### TASK REQUIREMENTS
Copy the listing verbatim, excluding any images found in it.

### DATA EXCERPT
········

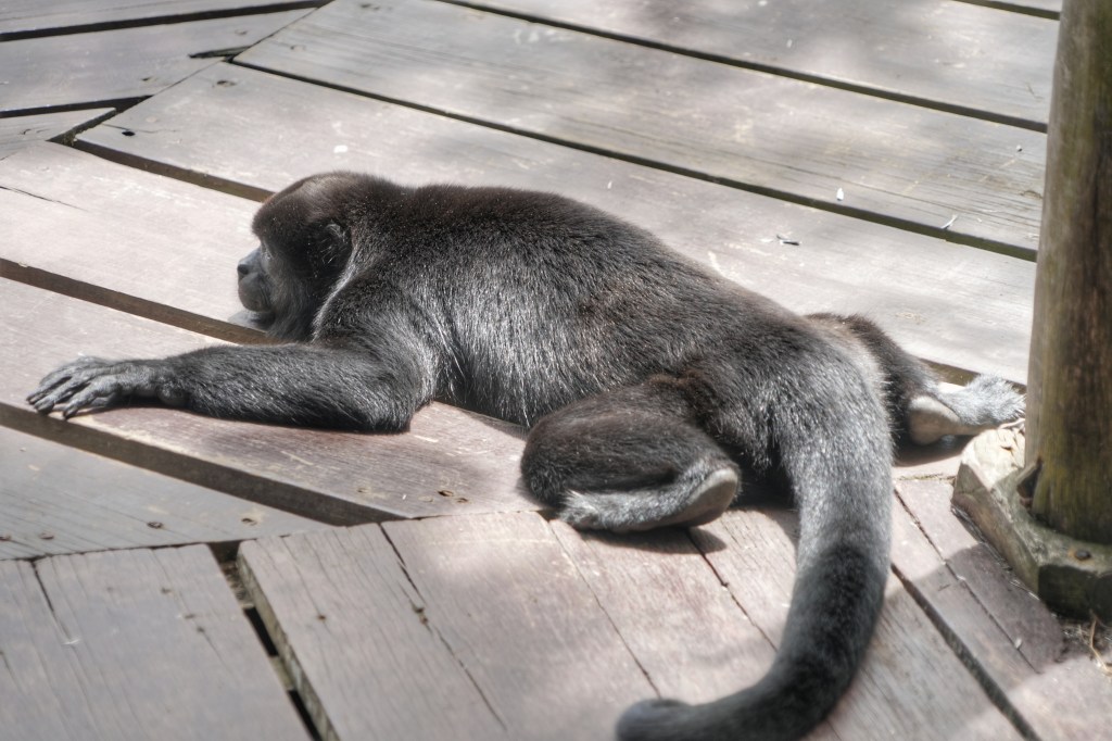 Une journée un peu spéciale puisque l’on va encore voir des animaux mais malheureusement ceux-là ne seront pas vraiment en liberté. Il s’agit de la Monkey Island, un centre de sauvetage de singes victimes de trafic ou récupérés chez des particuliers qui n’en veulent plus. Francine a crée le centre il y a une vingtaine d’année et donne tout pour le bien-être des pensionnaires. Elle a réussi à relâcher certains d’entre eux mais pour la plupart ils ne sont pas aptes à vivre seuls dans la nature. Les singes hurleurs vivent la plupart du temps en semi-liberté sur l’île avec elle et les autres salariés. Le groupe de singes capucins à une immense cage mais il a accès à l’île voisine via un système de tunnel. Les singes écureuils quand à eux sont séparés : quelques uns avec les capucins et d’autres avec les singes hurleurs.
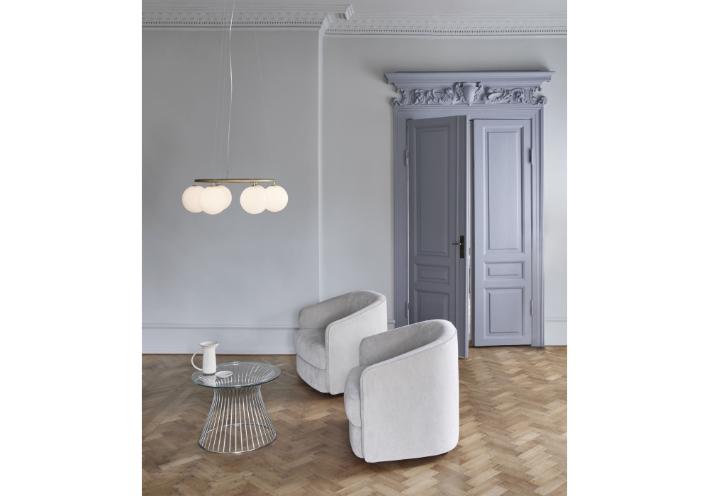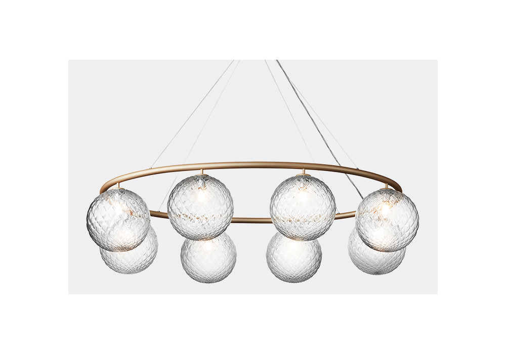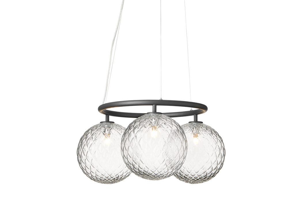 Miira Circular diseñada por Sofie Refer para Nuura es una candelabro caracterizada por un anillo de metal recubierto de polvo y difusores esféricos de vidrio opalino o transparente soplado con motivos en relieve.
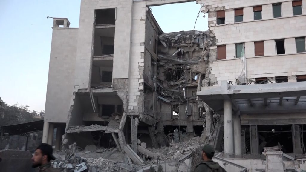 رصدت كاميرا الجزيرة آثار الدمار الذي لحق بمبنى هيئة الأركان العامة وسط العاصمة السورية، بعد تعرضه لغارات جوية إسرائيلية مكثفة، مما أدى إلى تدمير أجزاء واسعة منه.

········

### REPLY TO THE EXERCISE
 Une journée un peu spéciale puisque l’on va encore voir des animaux mais malheureusement ceux-là ne seront pas vraiment en liberté. Il s’agit de la Monkey Island, un centre de sauvetage de singes victimes de trafic ou récupérés chez des particuliers qui n’en veulent plus. Francine a crée le centre il y a une vingtaine d’année et donne tout pour le bien-être des pensionnaires. Elle a réussi à relâcher certains d’entre eux mais pour la plupart ils ne sont pas aptes à vivre seuls dans la nature. Les singes hurleurs vivent la plupart du temps en semi-liberté sur l’île avec elle et les autres salariés. Le groupe de singes capucins à une immense cage mais il a accès à l’île voisine via un système de tunnel. Les singes écureuils quand à eux sont séparés : quelques uns avec les capucins et d’autres avec les singes hurleurs.
 Miira Circular diseñada por Sofie Refer para Nuura es una candelabro caracterizada por un anillo de metal recubierto de polvo y difusores esféricos de vidrio opalino o transparente soplado con motivos en relieve.
 رصدت كاميرا الجزيرة آثار الدمار الذي لحق بمبنى هيئة الأركان العامة وسط العاصمة السورية، بعد تعرضه لغارات جوية إسرائيلية مكثفة، مما أدى إلى تدمير أجزاء واسعة منه.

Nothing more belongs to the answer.